Шербонди тяжело вздохнул:

— Не могу осуждать вас. Жаль. Вам бы хорошо здесь жилось, и вы бы многое сделали.

— Да, — согласился Флин.

— Ну что же, — поднялся Шербонди, — простимся. — Он протянул руку. — Надеюсь, в рукопожатии вы мне не откажете?

Флин поколебался, потом ненадолго взял руку Шербонди в свою.

— Даже вы, — произнес он с искренним сожалением. — Теперь вам понятно, почему мы уезжаем?

Шербонди кивнул:

— Понятно. — Он повернулся к двери. — Ах, будь они прокляты, эти негодяи, — воскликнул он с внезапной яростью. — Можно подумать, будто в наше время… О, проклятье! Прощайте, Флин. И удачи вам.

Он вышел.

Флин помог Руви закончить сборы. Он проверил исправность оборудования, которое группа управления погодой привезла с собой для показа и которое он должен был оставить своему преемнику. Потом спокойно сказал:

— Я должен сделать еще кое-что до отъезда. Не беспокойся обо мне. Я вернусь скоро, так что времени останется с запасом. Успеем уехать.

Руви взглянула на него, вздрогнула, но не стала ни о чем спрашивать.

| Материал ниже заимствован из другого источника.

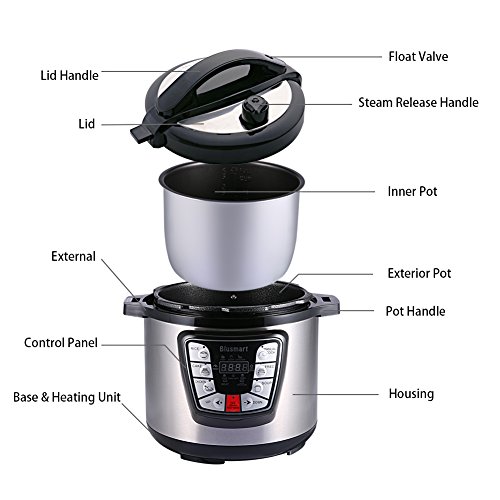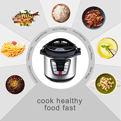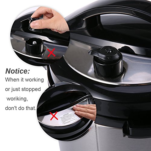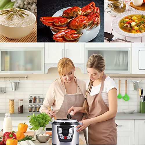 【Healthy, Safe & Durable】 No matter you are a beginner or a professional, the pressure cooker allows you to make healthy and tasty food in few minutes with 100% safety guaranteed. The premium-quality 6Qt 1000W stainless-steel pressure cooker is CE/ROHS/EMC certificated, ensuring that it is safe to use with long-lasting life span.
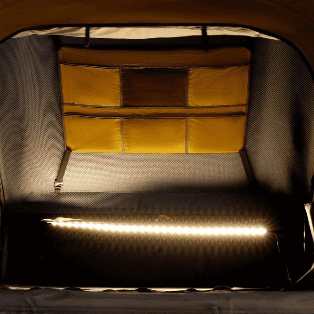 MerkmalBeschreibungZelttypHybrid-DachzeltSchlafplätze2–3 PersonenLiegefläche140 × 210 cmGewichtca. 85 kgUnterdeckWabenförmiges Aluminium mit ExoskelettOberschaleABS mit Line-X BeschichtungRahmenAluminiumZeltstoffPolycottonInnenraumBLACKOUTBeleuchtungIntegrierte LEDMatratzeAntikondensationsmatratzeInsektenschutzIntegrierte MoskitonetzeGanzjahrestauglichJa

Флин сел в машину и уехал.

По дороге он разговаривал, мрачно и горько, с кем-то отсутствующим.

— Значит, вы хотели преподать мне урок, — повторял он. — Вы это сделали. Теперь я вам покажу, как хорошо вы меня научили и как хорошо я все вызубрил.

И это было истинное зло, которое причинили ему и Руви.

Нервный срыв и боль прошли скоро, но остальное было трудно искоренить — ощущение несправедливости, гнетущую ярость, слепую ненависть ко всем людям, лица которых были белыми.